Replication: Can we have more than one leader? – Distributed Computing Musings

Answer to above question is a resounding YES! Up until now we have covered leader-follower based replication where all the writes go through the leader and we can scale the read traffic by distributing it among follower nodes. Although in above system we can very easily point out a single point of failure which is a single leader node. If our leader goes down there is no alternative to serve our write requests other than appointing a new leader. And as we understand from handling node failure for leader node, replacing a failed leader node comes with its own set of edge cases including:

Correctly deciding about failure of leader node
Ensuring that the failed leader doesn’t comes back up and starts acting as a leader after leader election
Have a robust leader election process

So all the above mentioned problems can be solved if we can just have multiple leaders. An extension to leader-follower replication is multi-leader replication. In this replication mechanism replication still happens in the same way where a leader replicates writes to all the followers. But now you have an option to fallback on other leader nodes if one of the leaders fails. In a multi-leader replication, each of the leaders individually also acts as followers to other leaders so that all leaders are also in sync with each other.

This mechanism brings about some good use cases that can be solved if we have a system with multiple leaders. Some of them are as follows:

System spread across multiple data centers

In today’s global ecosystem, storing the leader node in one data center can expose the application to downtime when that data center goes down. Also it increases latency of write requests if the request has to travel across the globe to the leader node situated in a single data center. In order to overcome the above two challenges, we can leverage multi-leader replication by distributing multiple leaders in various data centers across the globe. So in case of a data center failure, write requests can be routed to another data center. Also having multiple leaders can help in routing write requests to the closest leader in order to limit the network latency in comparison to a single leader system.

Offline operations

Applications that are expected to function correctly in offline mode can benefit greatly from multi-leader replication. For example the calendar app we use to schedule meetings and view our day/week/month should function even without internet access. They should also get synced with other calendars when they gain internet access.
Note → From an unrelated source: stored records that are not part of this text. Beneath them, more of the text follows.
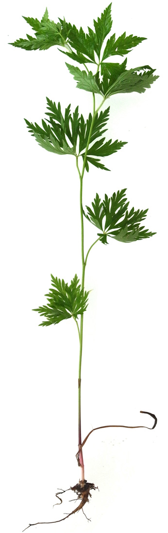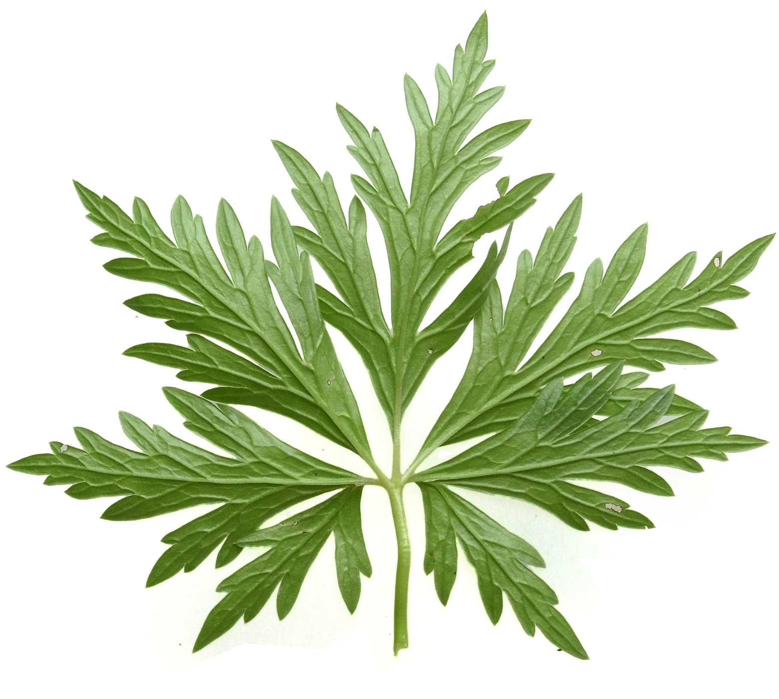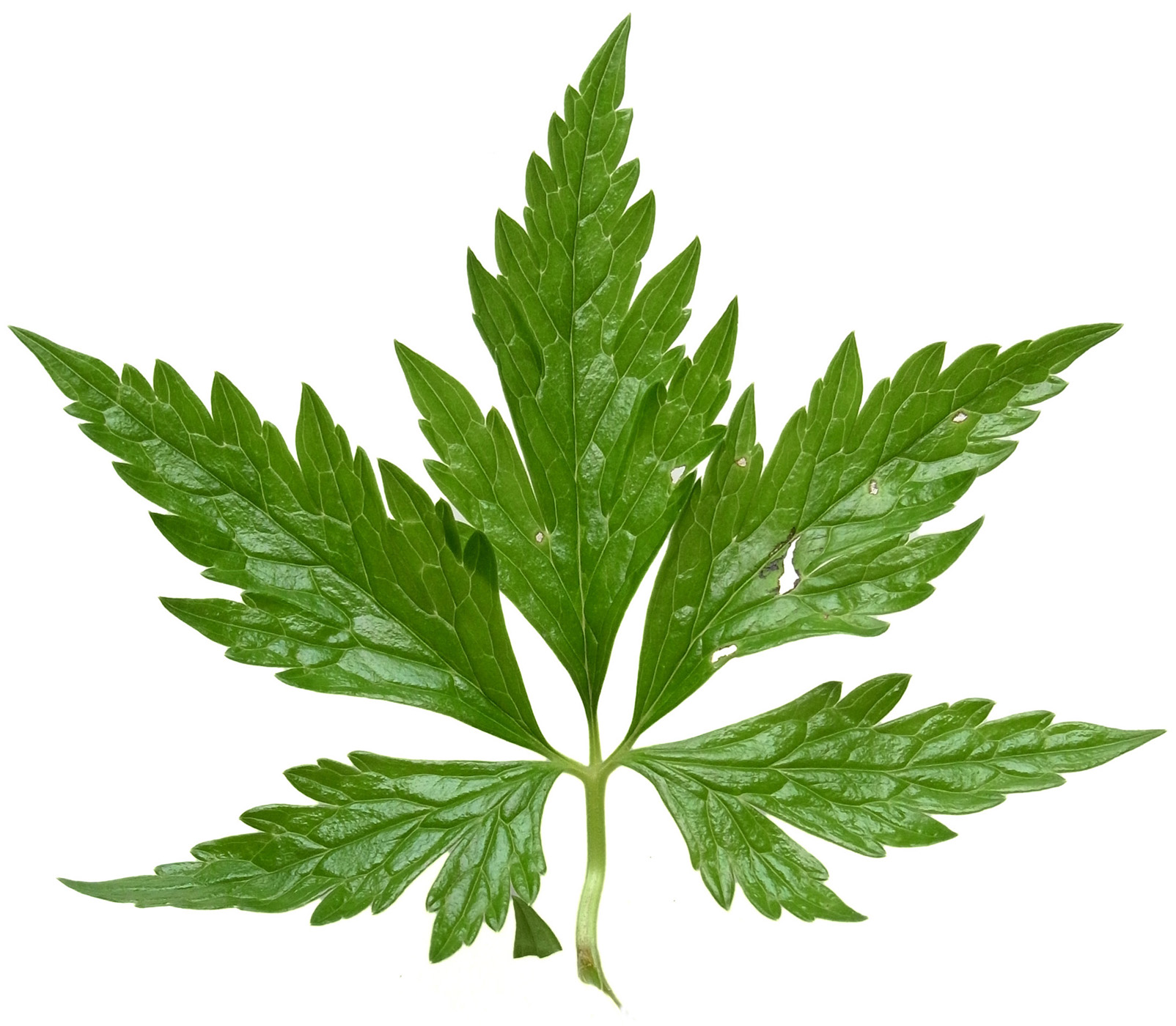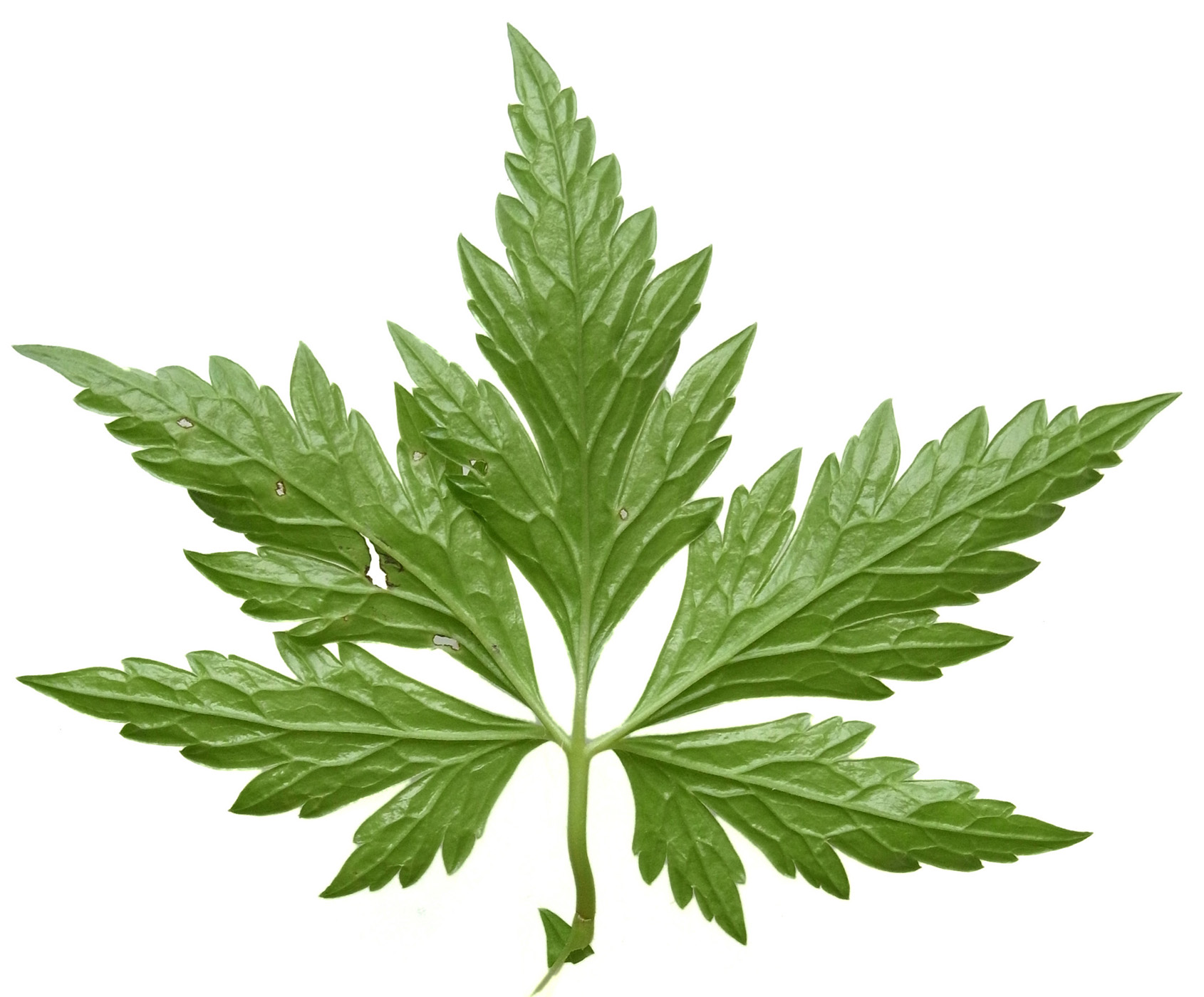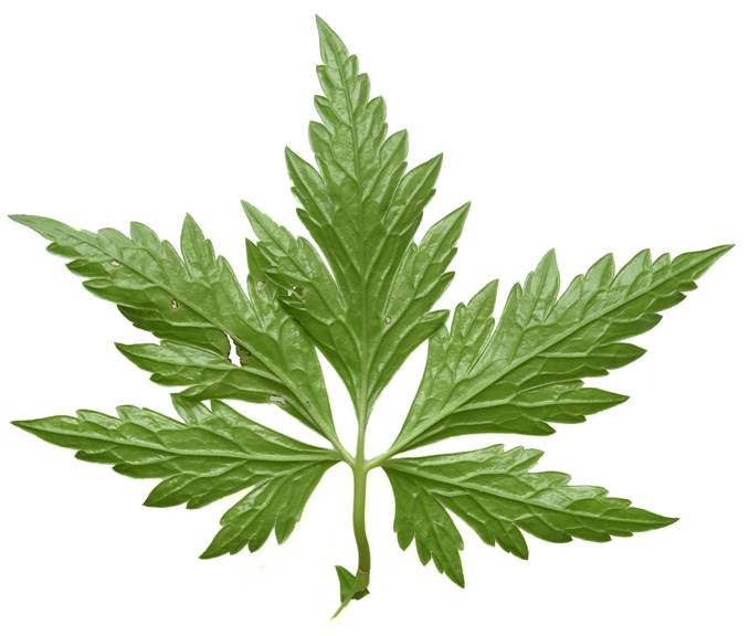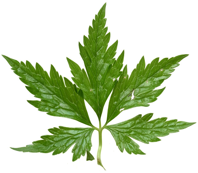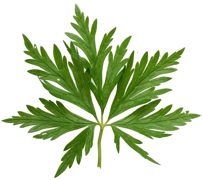 葉 :「3全裂し、裂片はさらに切れ込む。全体のシルエットは5角形。
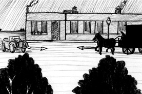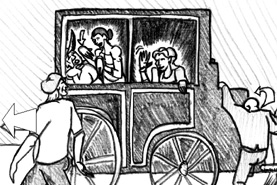 ...and the carriage begins to speed down the road... |
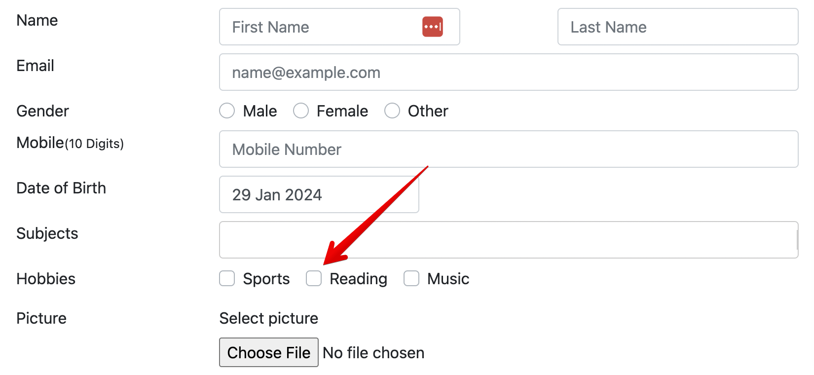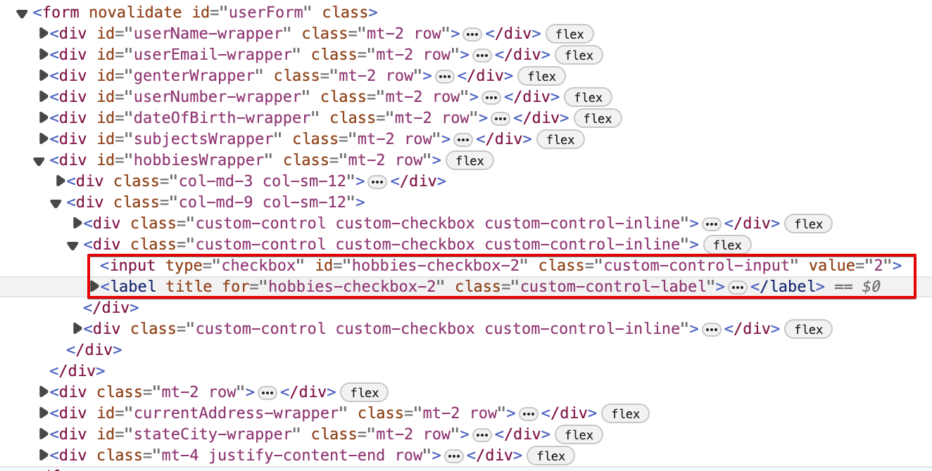 By looking at this, you may say, "easy!" There is a dedicated ID for the checkbox "hobbies-checkbox-2". Just click on that, and you are all set. Unfortunately, it didn't work.
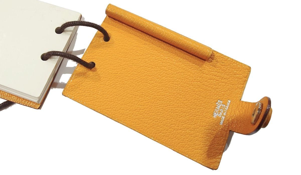 HERMES エルメス メモ ストラップ ペンシル セット メモホルダー メモ帳 シェーブル レザー イエロー □H刻 04年製 シャープペンシル S.T.Dupont デュポン SV925

So in offline mode we should be able to create meetings(WRITE) and view(READ) our schedule. And when we go online our calendar should reflect meetings where we were invited by other users of the application. In this case the calendar application itself acts as a leader by storing the schedule data on its local storage. When we go online, this local leader node syncs with other calendars(who also have their respective calendar nodes in their local storage) to provide you a consistent view of your calendar.

Collaborative Editing

Shared document editor applications such as Google Docs allow multiple users to update a document simultaneously. In this case, the user’s application or browser acts as a local replica. It stores the changed state and then replicates these changes to other owners of documents. This avoids locking a resource being edited by one user which otherwise will end up in making that resource inaccessible to other users. Consider unable to edit a line in Google Doc because another user is already writing on the same line.

One problem that is very visible from above examples is that there is a very high chance of more than one user updating the same resource and ending up in a state of conflict. Consider you adding a no-meeting block on your calendar in offline-mode vs a coworker adding you to a meeting during the same block. When you both go online there is a conflict in the calendar application on how to represent these two meetings. Think about multiple users typing at the same time on a shared doc editor. What happens if each of them types a different alphabet? What should be the global state of the doc? What state should the users see? What happens if one user enters a keyword and at the same time another user presses backspace at the same coordinate?

When concurrent requests land on two leader nodes for the same resource then there should be some mechanism to pick up one of the requests and discard others. This poses a challenging problem of conflict resolution in a multi-leader system which can introduce new kinds of bugs in our system and present a confusing state to our users.

So even though we solve the problem of single point of failure and latency that we were facing in the single leader system, we come face to face with another challenging problem of handling conflicts due to writes on multiple leader nodes. In upcoming posts we will see what approaches can we use to handle this write conflict and present a consistent state to all the users in a multi-leader replication system.